◆ Task details: Please tally the lines in the records that include the word "della" and answer with the bare number.

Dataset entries
BEGIN

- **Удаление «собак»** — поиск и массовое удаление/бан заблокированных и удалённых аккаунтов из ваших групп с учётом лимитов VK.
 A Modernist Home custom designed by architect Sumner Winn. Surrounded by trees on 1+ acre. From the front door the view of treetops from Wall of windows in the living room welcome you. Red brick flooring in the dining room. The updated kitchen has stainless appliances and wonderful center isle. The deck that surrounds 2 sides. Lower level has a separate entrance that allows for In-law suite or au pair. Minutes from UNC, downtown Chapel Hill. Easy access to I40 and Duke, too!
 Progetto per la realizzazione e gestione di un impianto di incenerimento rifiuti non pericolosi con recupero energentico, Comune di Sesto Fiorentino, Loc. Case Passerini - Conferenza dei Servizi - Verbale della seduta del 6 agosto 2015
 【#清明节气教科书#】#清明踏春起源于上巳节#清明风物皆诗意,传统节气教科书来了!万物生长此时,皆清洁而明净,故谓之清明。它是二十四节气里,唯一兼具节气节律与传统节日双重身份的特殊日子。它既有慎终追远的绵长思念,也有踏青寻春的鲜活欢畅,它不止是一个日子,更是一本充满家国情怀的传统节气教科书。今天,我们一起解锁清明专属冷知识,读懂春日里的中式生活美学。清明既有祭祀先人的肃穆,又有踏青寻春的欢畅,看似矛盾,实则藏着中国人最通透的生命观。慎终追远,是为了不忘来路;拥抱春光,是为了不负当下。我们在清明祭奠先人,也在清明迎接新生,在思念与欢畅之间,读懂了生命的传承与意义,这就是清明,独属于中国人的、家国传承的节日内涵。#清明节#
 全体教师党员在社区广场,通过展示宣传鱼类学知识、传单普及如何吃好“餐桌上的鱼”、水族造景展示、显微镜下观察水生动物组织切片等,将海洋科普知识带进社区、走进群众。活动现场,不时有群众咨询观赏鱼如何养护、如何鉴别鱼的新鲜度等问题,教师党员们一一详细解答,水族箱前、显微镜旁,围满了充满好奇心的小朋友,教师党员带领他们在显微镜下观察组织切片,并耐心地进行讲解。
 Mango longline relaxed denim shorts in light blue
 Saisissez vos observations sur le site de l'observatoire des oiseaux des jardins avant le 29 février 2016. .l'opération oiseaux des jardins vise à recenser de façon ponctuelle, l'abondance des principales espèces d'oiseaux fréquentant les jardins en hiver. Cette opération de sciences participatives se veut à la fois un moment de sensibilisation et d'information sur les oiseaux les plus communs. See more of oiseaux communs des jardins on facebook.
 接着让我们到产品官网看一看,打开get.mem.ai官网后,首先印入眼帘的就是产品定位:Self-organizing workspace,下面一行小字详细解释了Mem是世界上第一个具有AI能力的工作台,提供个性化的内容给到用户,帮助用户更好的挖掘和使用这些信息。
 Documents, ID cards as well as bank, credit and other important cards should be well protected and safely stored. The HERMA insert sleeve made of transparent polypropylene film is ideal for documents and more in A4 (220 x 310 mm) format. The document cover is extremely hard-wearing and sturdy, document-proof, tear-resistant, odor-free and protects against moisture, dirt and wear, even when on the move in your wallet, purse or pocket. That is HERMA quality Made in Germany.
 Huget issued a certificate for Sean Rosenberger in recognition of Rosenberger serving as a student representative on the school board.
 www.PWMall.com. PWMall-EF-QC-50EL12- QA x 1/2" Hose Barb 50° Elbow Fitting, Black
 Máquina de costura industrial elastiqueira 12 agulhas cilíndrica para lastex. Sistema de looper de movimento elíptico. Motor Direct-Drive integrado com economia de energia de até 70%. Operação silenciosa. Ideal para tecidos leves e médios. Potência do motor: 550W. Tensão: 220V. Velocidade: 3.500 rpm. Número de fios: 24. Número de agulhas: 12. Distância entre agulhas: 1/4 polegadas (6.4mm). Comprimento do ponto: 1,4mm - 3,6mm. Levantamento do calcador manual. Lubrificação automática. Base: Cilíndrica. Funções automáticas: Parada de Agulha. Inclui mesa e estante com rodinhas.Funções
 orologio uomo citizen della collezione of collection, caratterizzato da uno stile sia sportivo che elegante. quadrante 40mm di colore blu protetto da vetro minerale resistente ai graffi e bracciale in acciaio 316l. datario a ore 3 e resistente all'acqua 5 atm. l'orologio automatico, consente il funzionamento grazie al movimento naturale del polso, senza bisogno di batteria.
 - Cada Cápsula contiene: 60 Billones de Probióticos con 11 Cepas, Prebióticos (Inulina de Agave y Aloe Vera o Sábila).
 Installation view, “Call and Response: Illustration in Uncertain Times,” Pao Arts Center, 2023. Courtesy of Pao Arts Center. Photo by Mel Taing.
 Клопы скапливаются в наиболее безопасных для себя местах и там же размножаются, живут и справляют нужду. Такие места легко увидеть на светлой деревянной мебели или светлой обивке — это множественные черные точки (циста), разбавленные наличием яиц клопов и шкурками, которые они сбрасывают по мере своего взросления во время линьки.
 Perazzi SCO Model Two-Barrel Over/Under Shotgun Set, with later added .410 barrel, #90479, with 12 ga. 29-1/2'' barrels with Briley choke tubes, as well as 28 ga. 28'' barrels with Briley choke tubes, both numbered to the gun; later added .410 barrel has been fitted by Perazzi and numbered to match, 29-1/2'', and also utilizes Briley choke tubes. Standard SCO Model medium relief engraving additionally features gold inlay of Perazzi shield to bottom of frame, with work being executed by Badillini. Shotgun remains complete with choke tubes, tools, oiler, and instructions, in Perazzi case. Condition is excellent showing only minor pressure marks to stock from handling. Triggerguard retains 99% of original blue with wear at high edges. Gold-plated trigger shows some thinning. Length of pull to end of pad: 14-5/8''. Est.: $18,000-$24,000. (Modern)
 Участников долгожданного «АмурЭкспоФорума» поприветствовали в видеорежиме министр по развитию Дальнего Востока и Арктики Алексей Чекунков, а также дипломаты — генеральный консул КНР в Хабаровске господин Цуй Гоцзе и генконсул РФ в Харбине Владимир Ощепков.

END

◆ Task answer: 2